— Stored records —
══════════
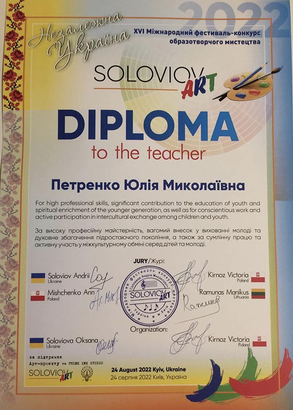 Соломаха Марк, вихованець гуртка «Академія олівця», керівник Петренко Ю.М., посів почесне 1-ше місце у Міжнародному фестивалі-конкурсі SILOVIOVArt. Його робота «Кобзар» буде експонуватися на виставці «Незалежна Україна» в Центральній бібліотеці ім. Т.Г.Шевченка для дітей м. Києва.
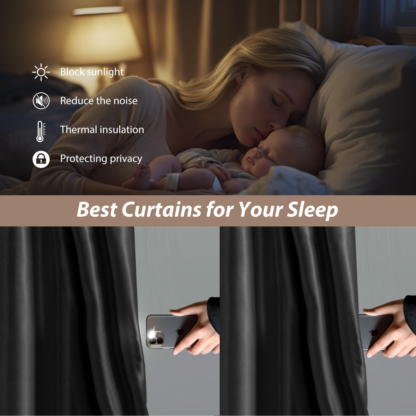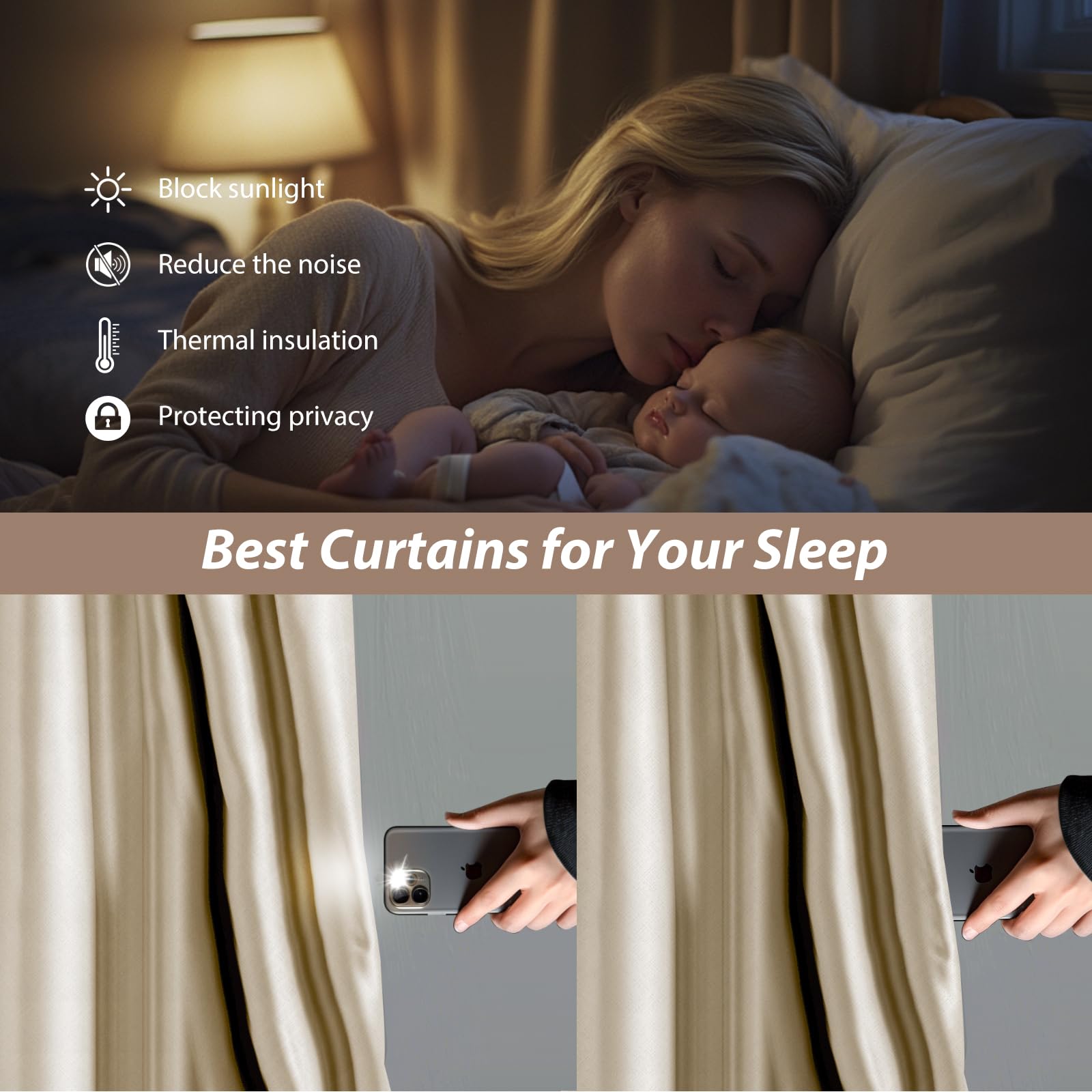 - 100% blackout curtains: Featuring an innovative three-layer high-density weaving process, it is 40% thicker than ordinary curtains, 25% more sound-absorbing than ordinary curtains, 30% more insulating than ordinary curtains, and 40% heavier than ordinary curtains. The extra stitched black lining completely blocks sunlight and UV rays, Create environments such as completely dark bedrooms/video rooms
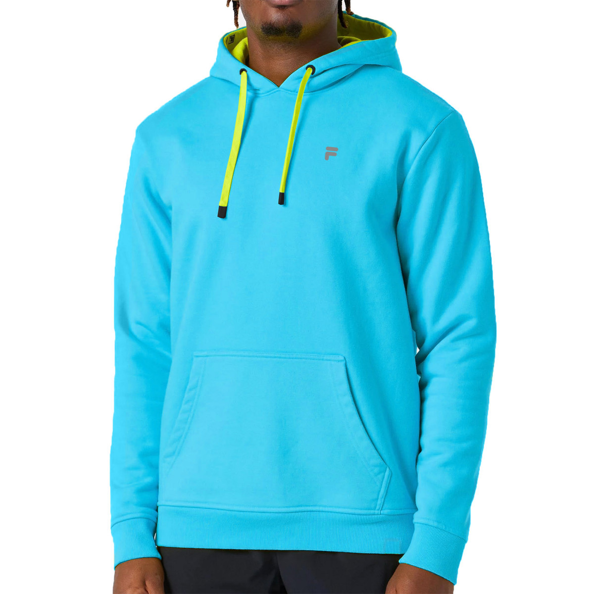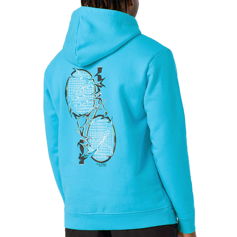 The comfortable and stylish Fila Hoody Darius Hoodie will help you warm up before the game and show everyone your favorite sport when you wear it off the court. It has a kangaroo pocket, a drawstring hood and a large graphic on the back depicting an electrified tennis racket on the back.
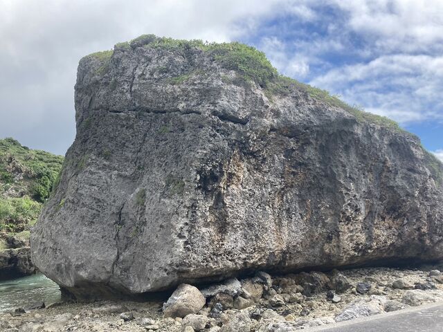 約34年前、大神島では島を一周するための道路の建設を始めました。建設予定地にあった大きな岩をブルドーザーで砕こうとしたところ、ブルドーザーの爪が折れてしまったそうです。
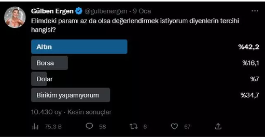 Şarkıcı Gülben Ergen, Twitter hesabından borsayla ilgili bir anket yapınca sosyal medyada dikkat çekti. Ergen günler önce ilk olarak "Elimdeki paramı az da olsa değerlendirmek istiyorum diyenlerin tercihi hangisi?" diyerek seçenekleri sıraladı.
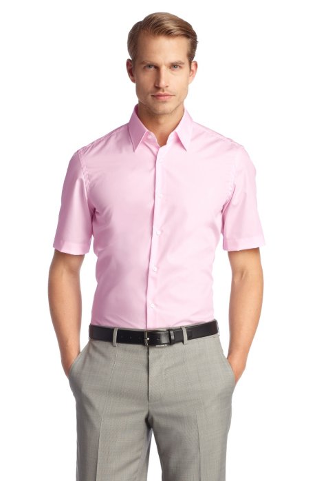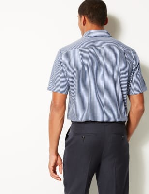 Double Two Manga Corta Planchado Facil Oxford De Algodon Camisa
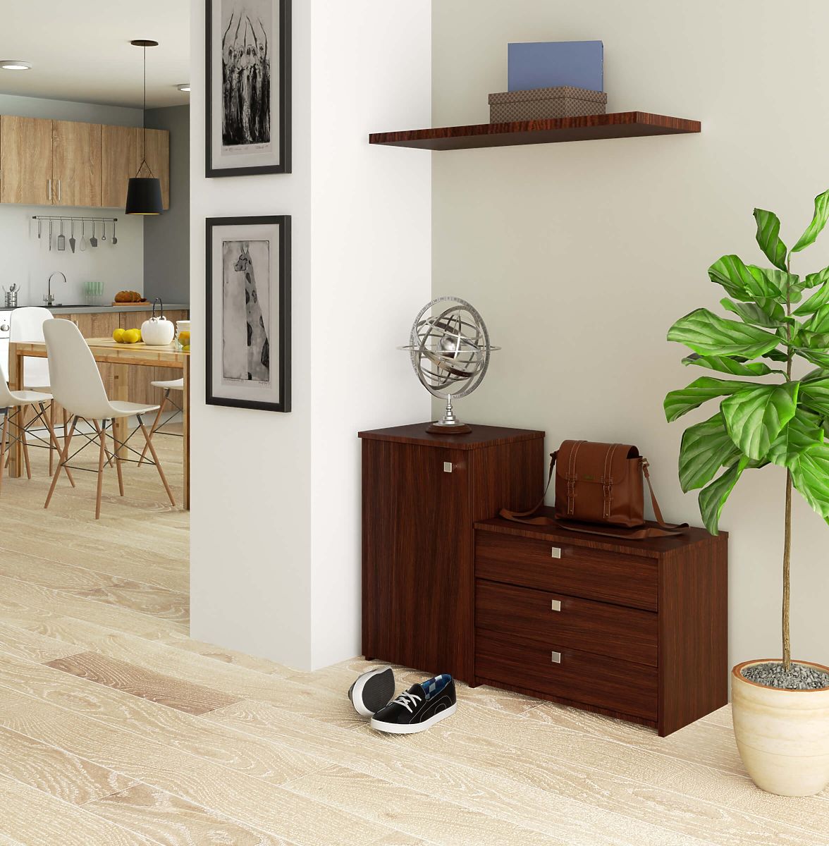 SESTAV POHIŠTVA ZA PREDSOBO WENGE Omara za čevlje, povezana s komodo, zagotavlja funkcionalnost in prihranek prostora.
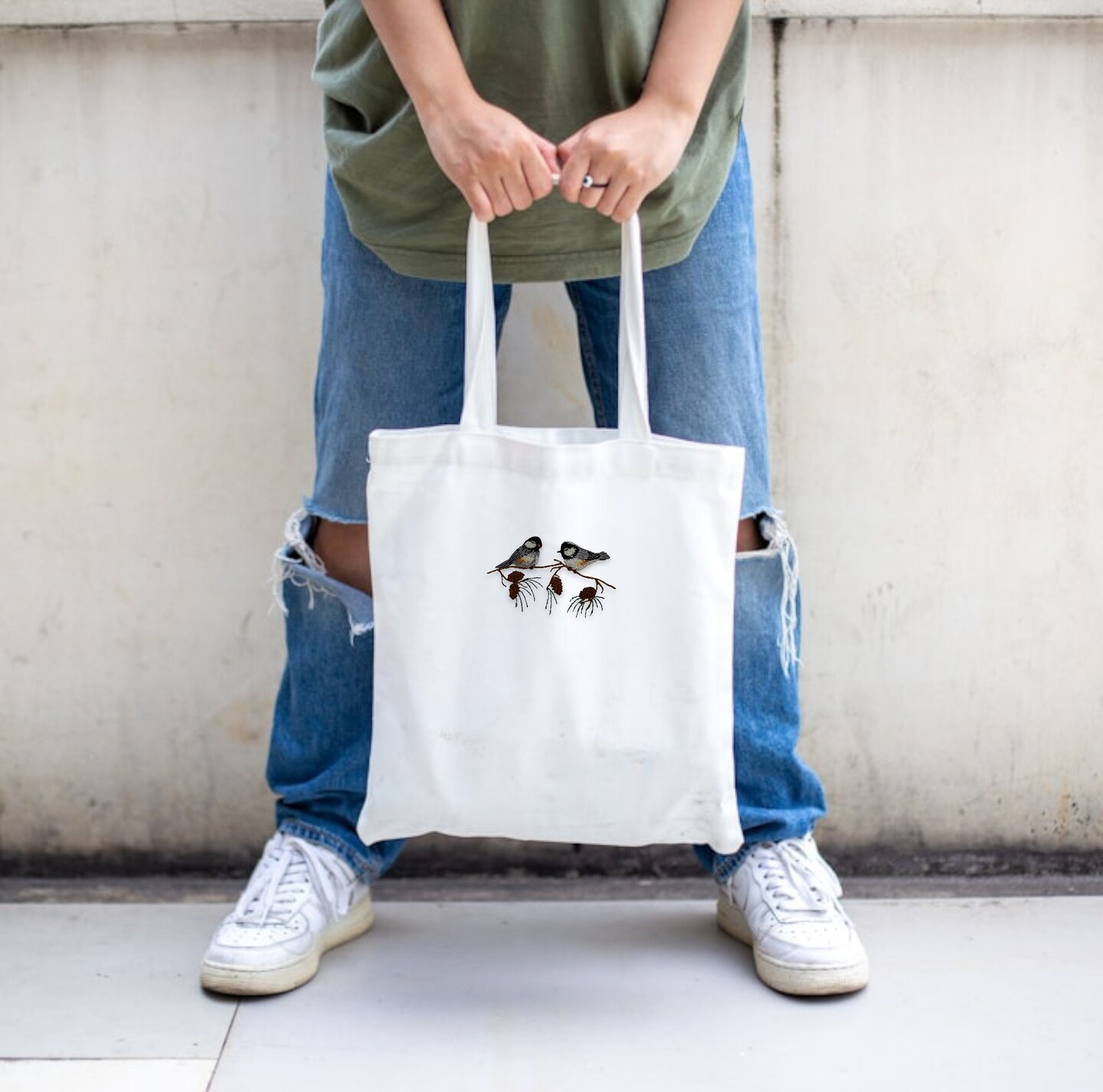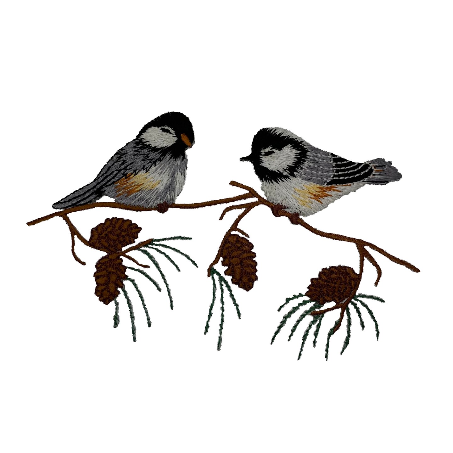 Two Chickadees on a Branch, Birds, Nature, Embroidered, Iron on Patch
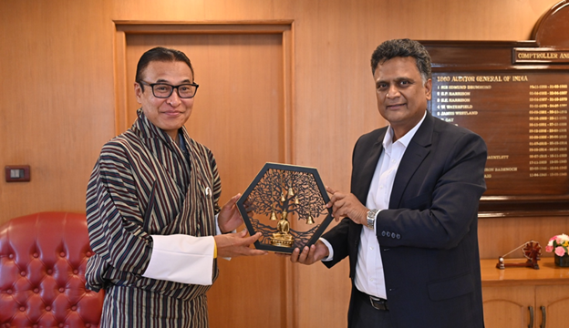 On his return from Casablanca, Morocco, after attending the Masterclass on “Leading SAI Institutional Change”, the Auditor General of Bhutan held a bilateral meeting with Shri K. Sanjay Murthy, Comptroller & Auditor General of India, on 3 October 2025.
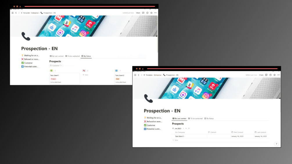This dashboard will help you mange your business prospection. Write down here all information about your prospectsand let Notion sort everything for you ! You’ll find 3 views :
══════════
— Instructions for the task —
In your answer, repeat all the entries exactly, but leave out the pictures.

— Completed task —
 Соломаха Марк, вихованець гуртка «Академія олівця», керівник Петренко Ю.М., посів почесне 1-ше місце у Міжнародному фестивалі-конкурсі SILOVIOVArt. Його робота «Кобзар» буде експонуватися на виставці «Незалежна Україна» в Центральній бібліотеці ім. Т.Г.Шевченка для дітей м. Києва.
 - 100% blackout curtains: Featuring an innovative three-layer high-density weaving process, it is 40% thicker than ordinary curtains, 25% more sound-absorbing than ordinary curtains, 30% more insulating than ordinary curtains, and 40% heavier than ordinary curtains. The extra stitched black lining completely blocks sunlight and UV rays, Create environments such as completely dark bedrooms/video rooms
 The comfortable and stylish Fila Hoody Darius Hoodie will help you warm up before the game and show everyone your favorite sport when you wear it off the court. It has a kangaroo pocket, a drawstring hood and a large graphic on the back depicting an electrified tennis racket on the back.
 約34年前、大神島では島を一周するための道路の建設を始めました。建設予定地にあった大きな岩をブルドーザーで砕こうとしたところ、ブルドーザーの爪が折れてしまったそうです。
 Şarkıcı Gülben Ergen, Twitter hesabından borsayla ilgili bir anket yapınca sosyal medyada dikkat çekti. Ergen günler önce ilk olarak "Elimdeki paramı az da olsa değerlendirmek istiyorum diyenlerin tercihi hangisi?" diyerek seçenekleri sıraladı.
 Double Two Manga Corta Planchado Facil Oxford De Algodon Camisa
 SESTAV POHIŠTVA ZA PREDSOBO WENGE Omara za čevlje, povezana s komodo, zagotavlja funkcionalnost in prihranek prostora.
 Two Chickadees on a Branch, Birds, Nature, Embroidered, Iron on Patch
 On his return from Casablanca, Morocco, after attending the Masterclass on “Leading SAI Institutional Change”, the Auditor General of Bhutan held a bilateral meeting with Shri K. Sanjay Murthy, Comptroller & Auditor General of India, on 3 October 2025.
This dashboard will help you mange your business prospection. Write down here all information about your prospectsand let Notion sort everything for you ! You’ll find 3 views :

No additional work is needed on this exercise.